Starting at the line containing "薬用入浴剤・医薬部外品 パイン・ハイセンス" and ending at the line containing "L'afició va poder", transcribe the listing below exactly. Keep both end lines, skip the pictures, and copy nothing else.

::: Source material

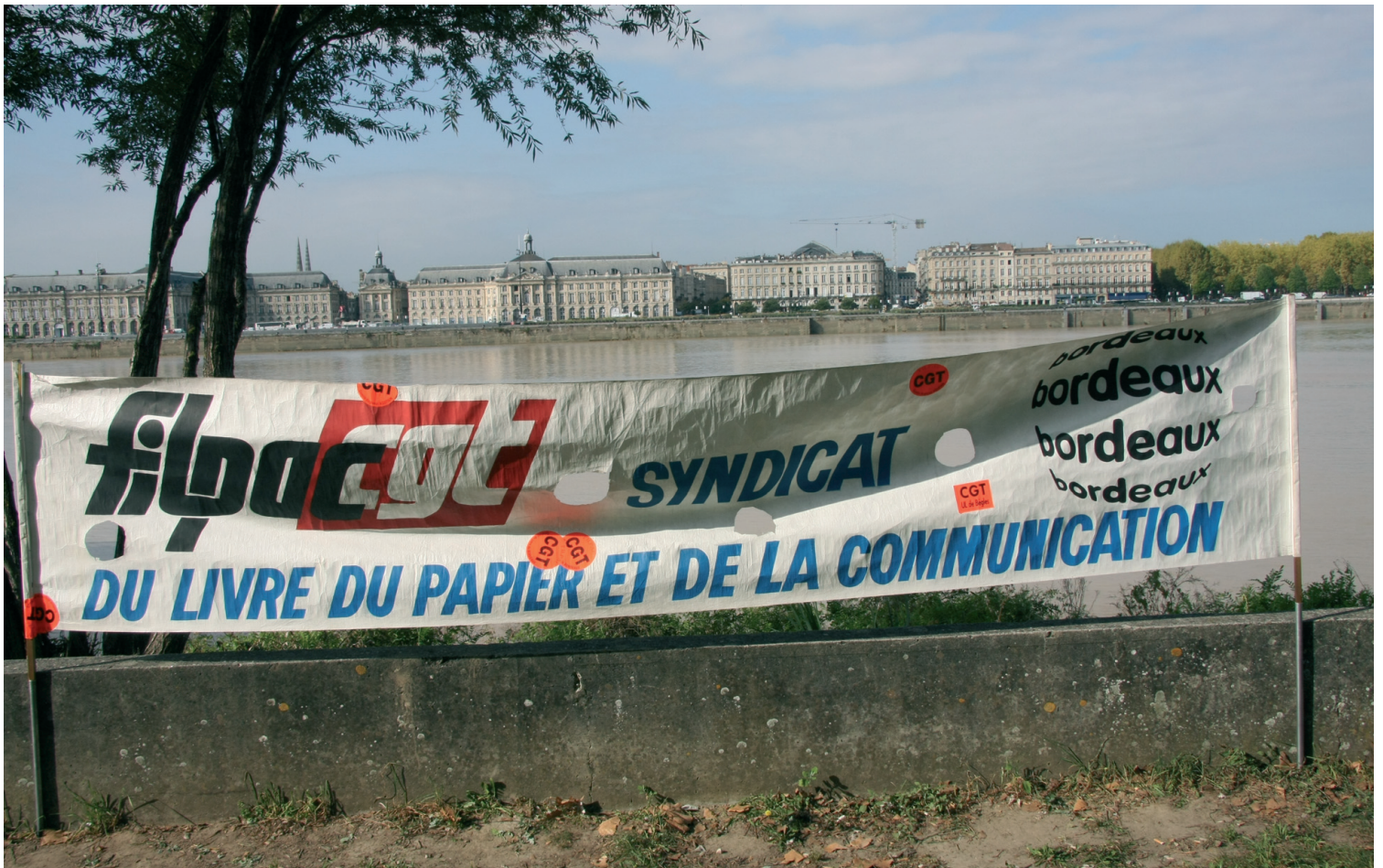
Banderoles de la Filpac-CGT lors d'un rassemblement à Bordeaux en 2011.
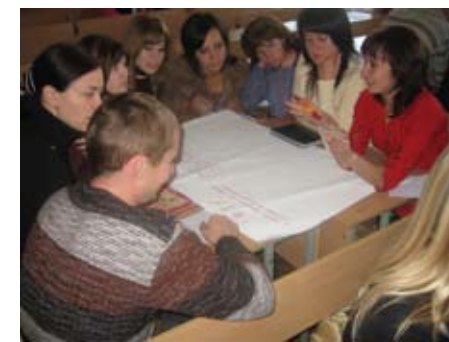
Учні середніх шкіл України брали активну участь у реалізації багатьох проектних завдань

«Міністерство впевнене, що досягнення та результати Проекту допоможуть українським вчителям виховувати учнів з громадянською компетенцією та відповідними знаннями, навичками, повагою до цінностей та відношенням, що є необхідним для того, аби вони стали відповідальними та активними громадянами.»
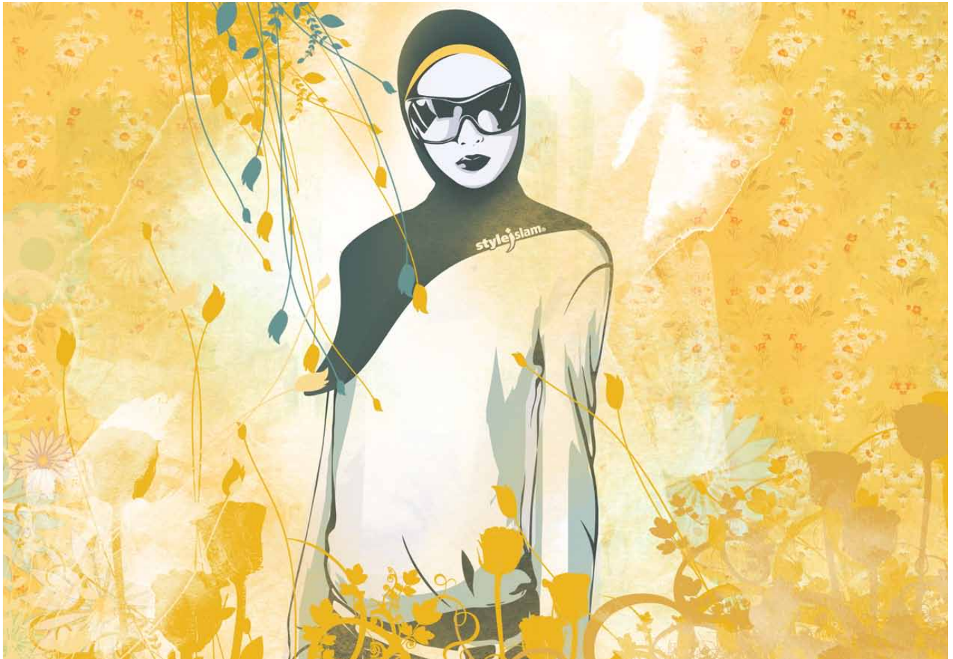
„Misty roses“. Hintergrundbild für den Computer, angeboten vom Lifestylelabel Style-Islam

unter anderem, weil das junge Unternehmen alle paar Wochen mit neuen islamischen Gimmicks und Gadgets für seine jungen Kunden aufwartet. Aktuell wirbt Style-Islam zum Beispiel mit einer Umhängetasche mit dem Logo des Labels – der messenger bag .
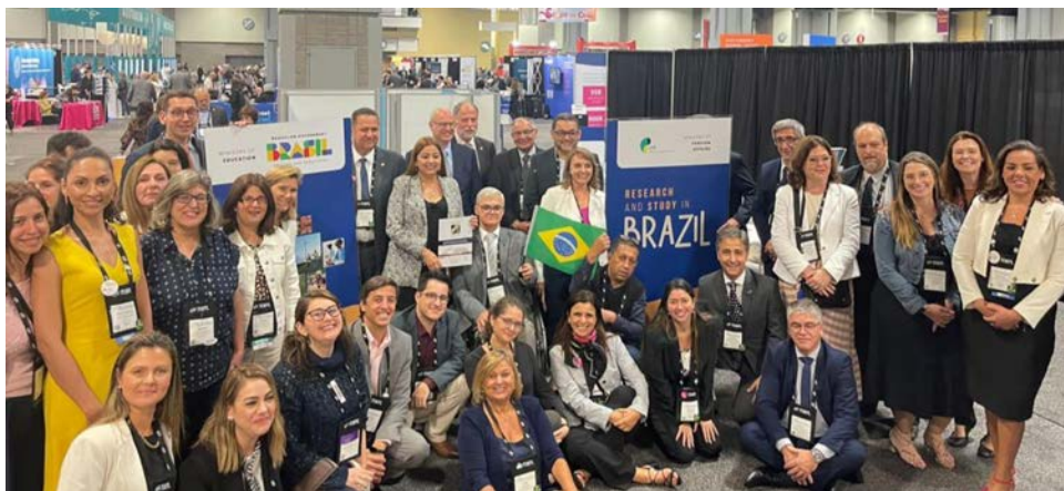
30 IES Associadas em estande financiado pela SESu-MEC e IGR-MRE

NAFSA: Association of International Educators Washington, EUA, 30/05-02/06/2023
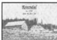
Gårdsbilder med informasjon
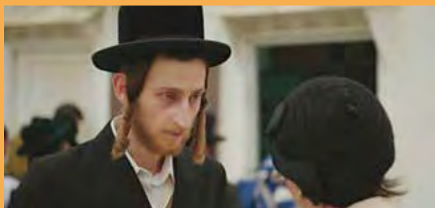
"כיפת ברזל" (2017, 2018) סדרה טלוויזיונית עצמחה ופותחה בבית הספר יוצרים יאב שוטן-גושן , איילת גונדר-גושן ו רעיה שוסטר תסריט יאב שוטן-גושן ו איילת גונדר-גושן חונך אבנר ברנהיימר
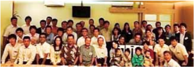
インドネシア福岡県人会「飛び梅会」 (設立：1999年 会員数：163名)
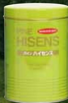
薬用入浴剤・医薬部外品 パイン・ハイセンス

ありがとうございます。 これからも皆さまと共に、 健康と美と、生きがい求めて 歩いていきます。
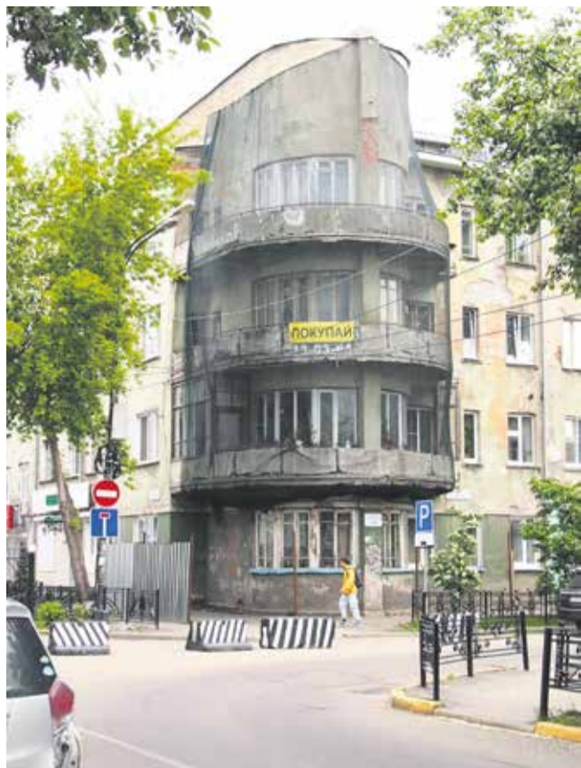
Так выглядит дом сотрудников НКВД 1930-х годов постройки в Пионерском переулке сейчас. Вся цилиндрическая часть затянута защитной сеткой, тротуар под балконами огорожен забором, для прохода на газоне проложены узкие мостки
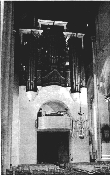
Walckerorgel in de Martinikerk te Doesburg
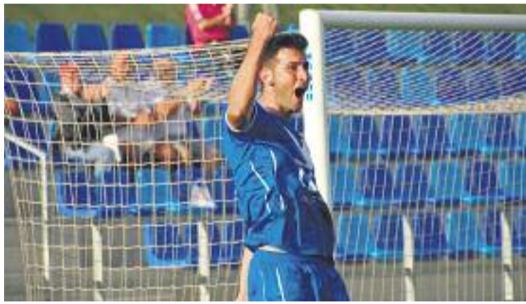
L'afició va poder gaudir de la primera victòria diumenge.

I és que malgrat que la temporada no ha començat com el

::::::

**Answer box**
薬用入浴剤・医薬部外品 パイン・ハイセンス

ありがとうございます。 これからも皆さまと共に、 健康と美と、生きがい求めて 歩いていきます。
Так выглядит дом сотрудников НКВД 1930-х годов постройки в Пионерском переулке сейчас. Вся цилиндрическая часть затянута защитной сеткой, тротуар под балконами огорожен забором, для прохода на газоне проложены узкие мостки
Walckerorgel in de Martinikerk te Doesburg
L'afició va poder gaudir de la primera victòria diumenge.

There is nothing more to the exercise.